Belanja Wajib, Ruang Semakin Menyempit
Dengan total APBD sekitar Rp5,91 triliun di 2027, beban belanja wajib mengikat sudah menyerap sebagian besar ruang fiskal:
-
Belanja Pegawai: Rp2,29 triliun
-
Dana Abadi: Rp500 miliar
-
BPJS Kesehatan: Rp222,23 miliar
-
BLUD: Rp518,83 miliar
-
Dana Desa: Rp342,2 miliar (*berdasar Dana Desa tahun 2026)
-
ADD: Rp248,7 miliar (*berdasarkan perkiraan karena penurunan DBH Migas)
Komponen Belanja | Nilai (Rp Miliar) | Persentase dari Total Belanja (%) |
---|---|---|
Belanja Pegawai | 2.290 | 38% |
Dana Abadi | 500 | 8% |
BPJS Kesehatan | 222 | 4% |
BLUD | 519 | 9% |
Dana Desa | 342 | 6% |
ADD | 249 | 4% |
Totalnya mencapai Rp4,12 triliun, menyisakan Rp1,79 triliun untuk belanja lain. Padahal belanja rutin barang dan jasa saja mencapai Rp1,4 triliun (Data tahun 2026), sehingga ruang sisa hanya sekitar Rp300 miliar — angka yang sangat tipis untuk belanja modal, belanja transfer dan kebutuhan tak terduga.
Menjaga Neraca Seperti Menjaga Nyala Lampu
Maka benar adanya, uang di kas daerah bukan untuk ditimbun. Tetapi dalam konteks Bojonegoro, menahan belanja bukan berarti menahan kesejahteraan. Ini tentang menjaga agar nyala lampu fiskal tidak padam sebelum akhir tahun.
Jika 2026 dijalankan tanpa strategi penghematan dan efisiensi, 2027 akan menjadi tahun berat. Bukan hanya bagi pemerintah daerah, tapi juga bagi masyarakat yang menggantungkan harapan pada anggaran itu.

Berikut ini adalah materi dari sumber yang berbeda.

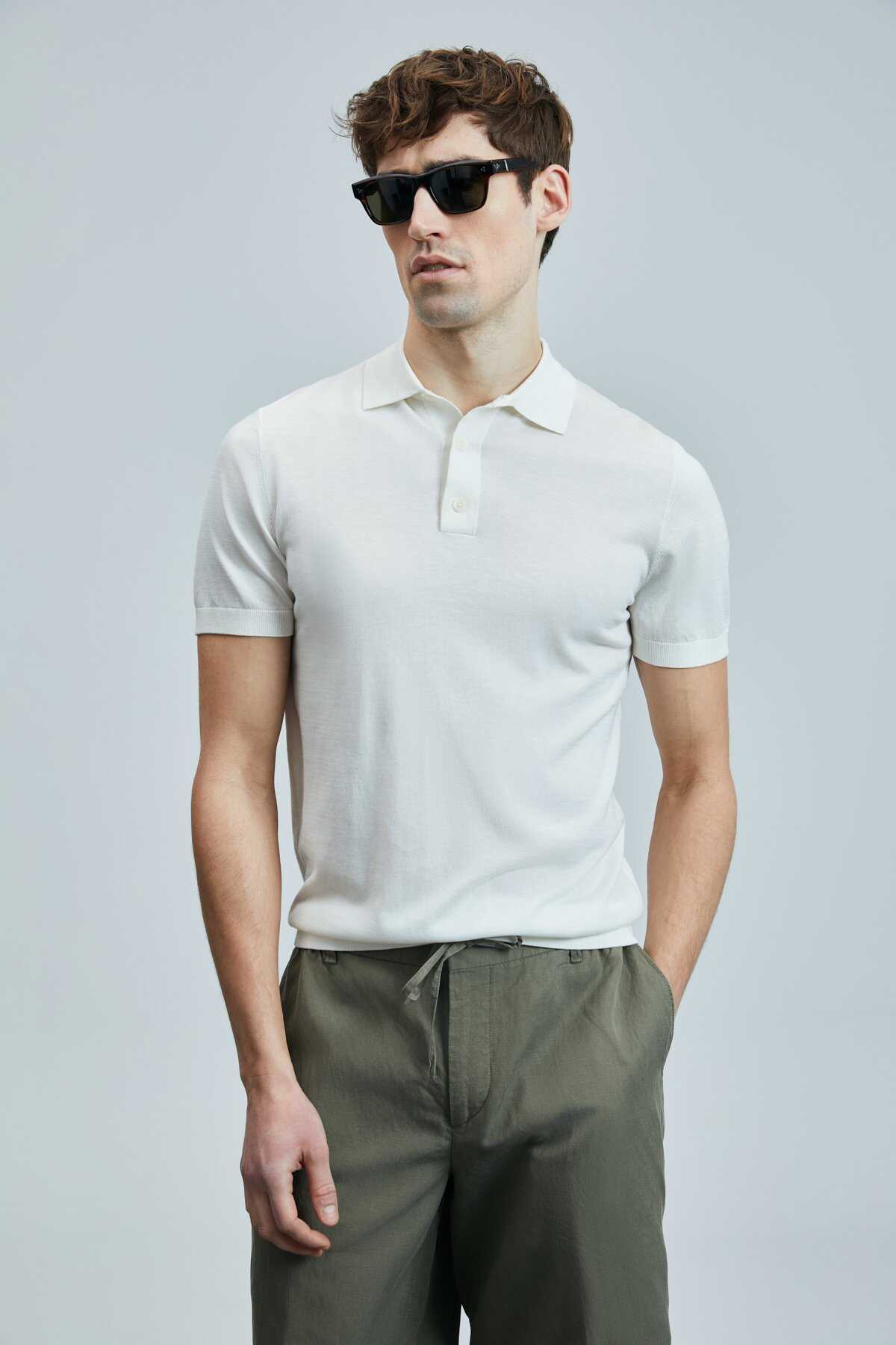 Derek Erkek İpek Karışımlı Kazak Kırık Beyaz - 1

Mengelola fiskal Bojonegoro kini seperti meniti jembatan bambu di atas arus deras — salah langkah sedikit, keseimbangannya bisa runtuh.
Penulis: Syafik
Catatan : Angka-angka APBD di tahun 2027 berdasarkan asumsi, jadi perlu perhitungan lebih mendalam.